Key factors affecting performance of biogas latrines in urban informal areas: Case of Kampala and Nairobi, East Africa
Large scale application of biogas latrine technology in developing countries faces technical, socioeconomic and financial challenges. As a result, harnessing its full potential has not been realized. This study examined variables describing the design, construction, operation and maintenance of nineteen biogas latrines in relation to their performance in Kampala and Nairobi, based on survey and field observations. Pre-tested questionnaires were administered to users, owners and construction technicians/masons of the biogas latrines. Field observations were also undertaken to assess physical conditions of the biogas latrines.

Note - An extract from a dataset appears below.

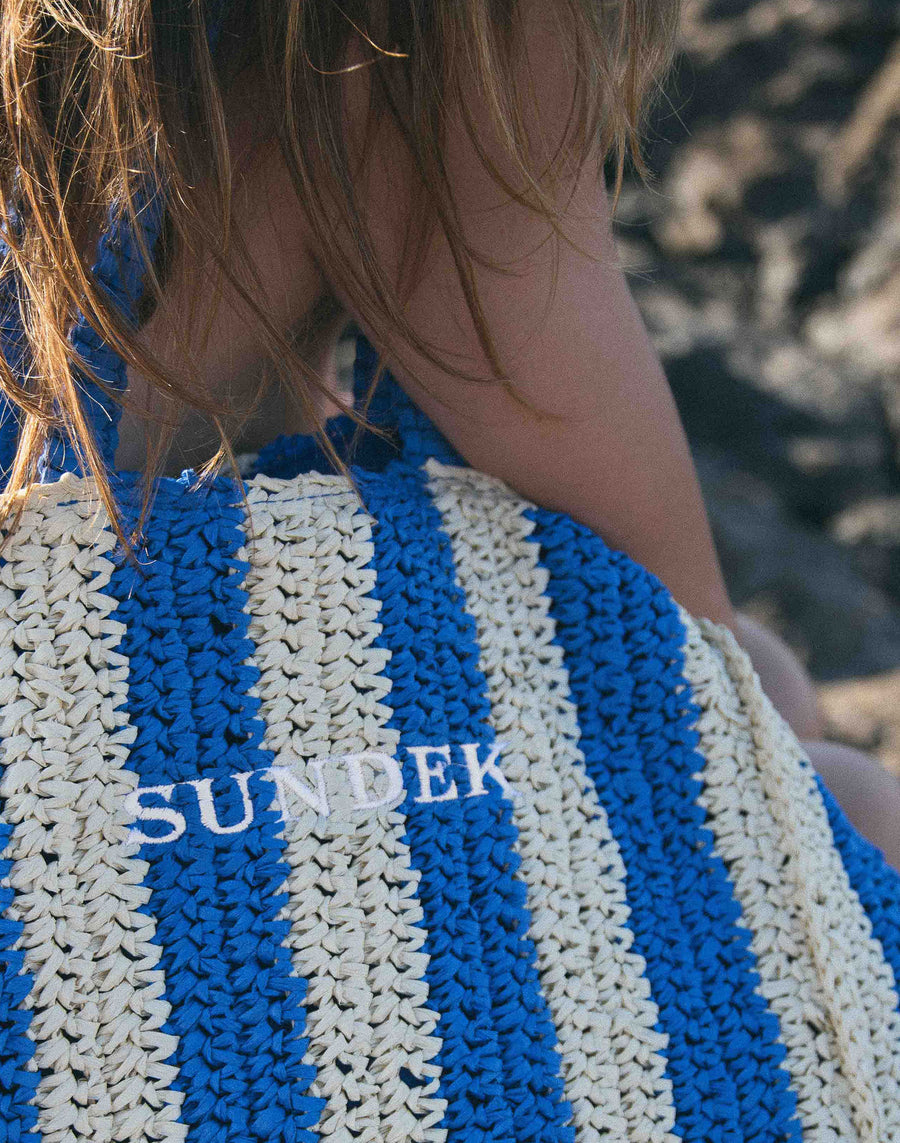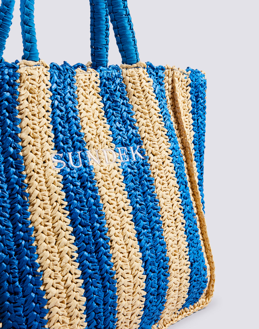 Striped Paper Straw bag with handles, zip closure and embroidered Sundek logo. Ideal for the beach, to bring with you everything you need for a day at the beach.

Principal component analysis was then used to establish correlation between variables of design, construction, operation and maintenance in relation to the performance of biogas latrines in terms of burning hours in a day. The design types of all the studied biogas latrine digesters were found to be of fixed dome. Co-digestion of human excreta and cow dung increased the number of biogas burning hours in a day from 0.5 to 1.1. The findings also show that the performance of the biogas latrines was influenced by six of the variables examined describing construction, operation and maintenance: skills of masons, use of standards in construction, training of users on operation and maintenance aspects, number of users/owners and their motivation for installation of biogas plants and physical conditions of the biogas latrines. This implies that the use of skilled masons, comprehensive training of users on operation and maintenance aspects and use of cosubstrates are key variables for optimal performance of biogas latrines.
Key words: Biogas latrines, Kampala, Nairobi, performance.